Single points in market history are not statistically significant indicators of future performance. And there are scant data points to use. For the dot-com bubble bursting, there was no single “inciting” event that makes for an easy comparison point. And after 9/11, the markets were closed for a number of days right after the attack.

There are other reasons to be cautious to read too much into a single crisis trading period. Financials were down more than 40% in the three-month period referenced here related to the Lehman bankruptcy, and for obvious reasons that are not likely to be repeated.

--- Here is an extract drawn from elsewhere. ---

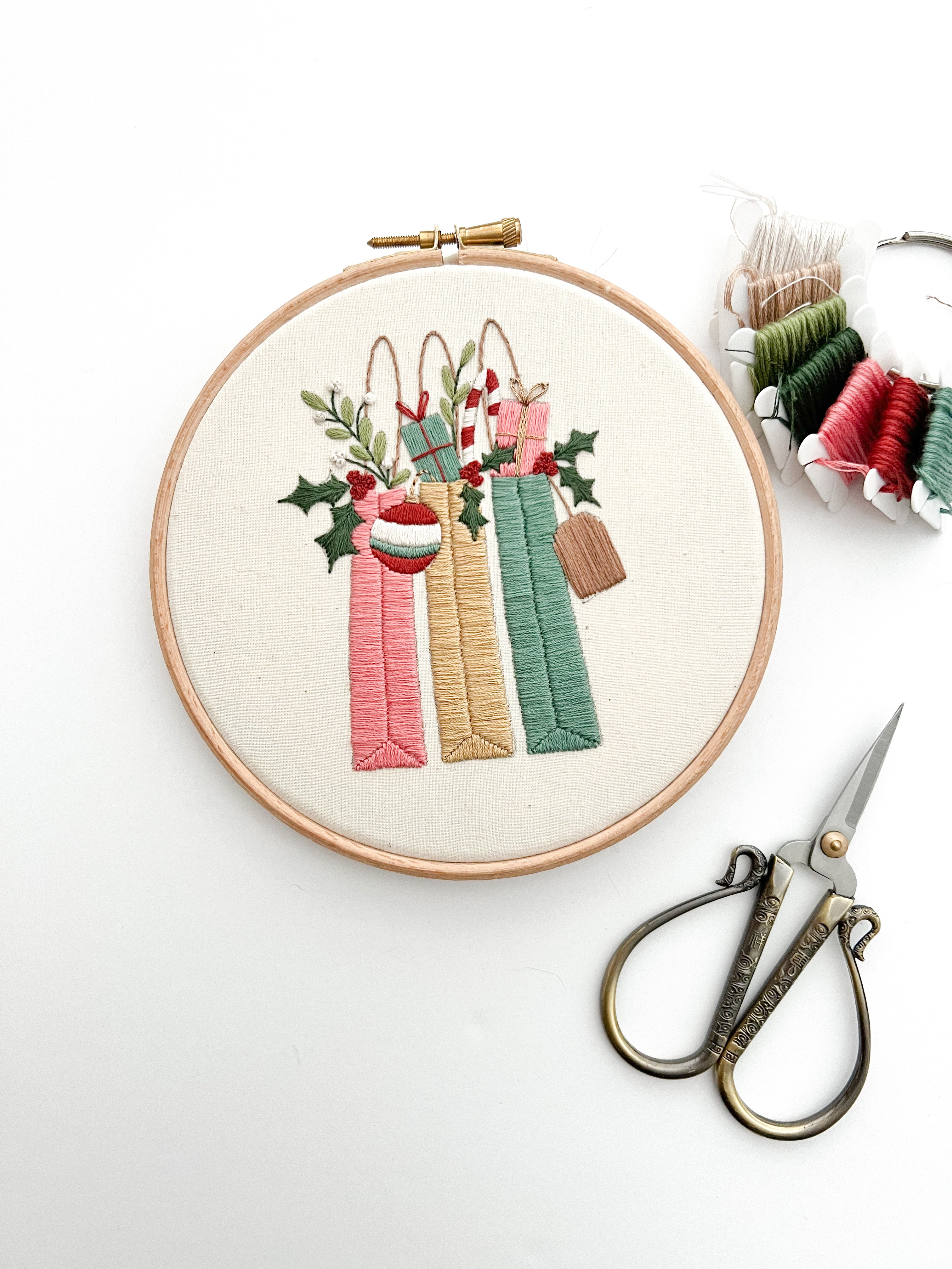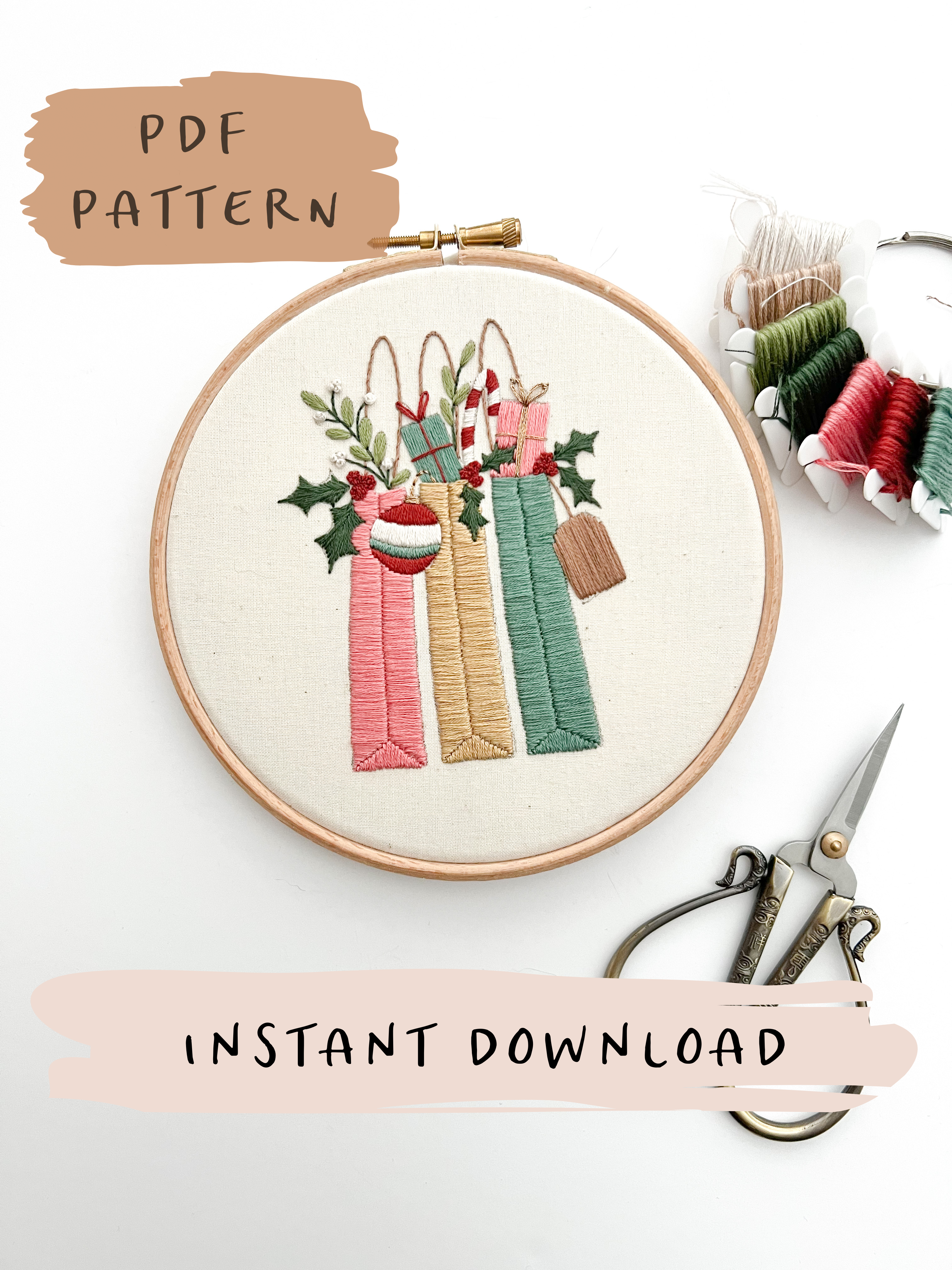 Christmas Shopping Embroidery Pattern with Instructions || Digital Download
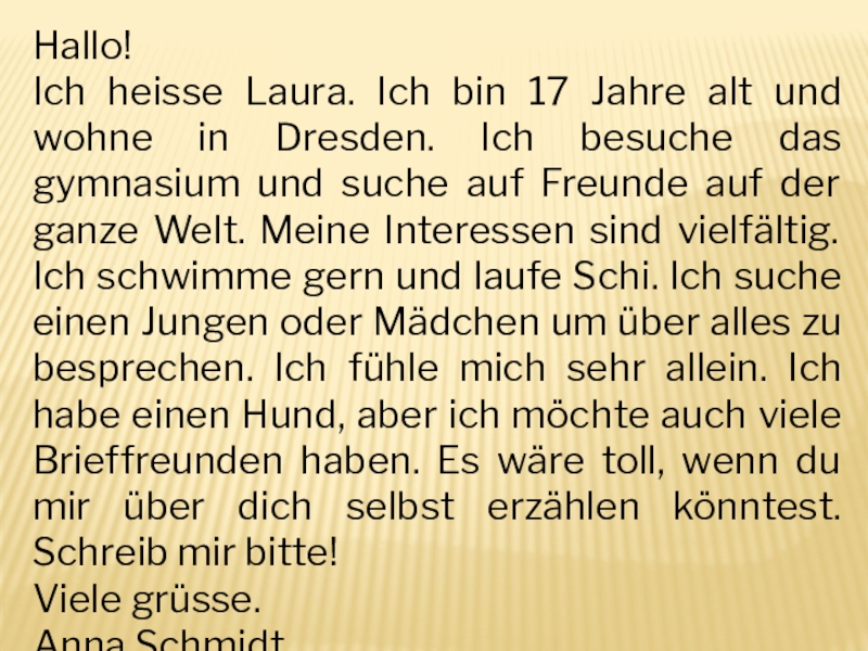 Hallo!Ich heisse Laura. Ich bin 17 Jahre alt und wohne in Dresden. Ich besuche das gymnasium und

Another important point: The financial crisis and Lehman bankruptcy occurred right near a presidential election, according to Nicholas Colas, co-founder of DataTrek Research, who has been studying the relationship between 2008 and today for trading intelligence.

“There was a U.S. general election on Nov. 4 [2008], which is smack in the middle of this time series. The S&P 500 dropped 5% in each of the next two days after, because it was clear that we had to wait months for fiscal stimulus since D.C. had no mandate. That’s really what made the November lows. And why the ultimate low was in March 2009.”

While Republicans and Democrats were sparring over another round of stimulus this week, “that’s the big difference: D.C. owns the current crisis and has therefore responded much more quickly,” Colas said.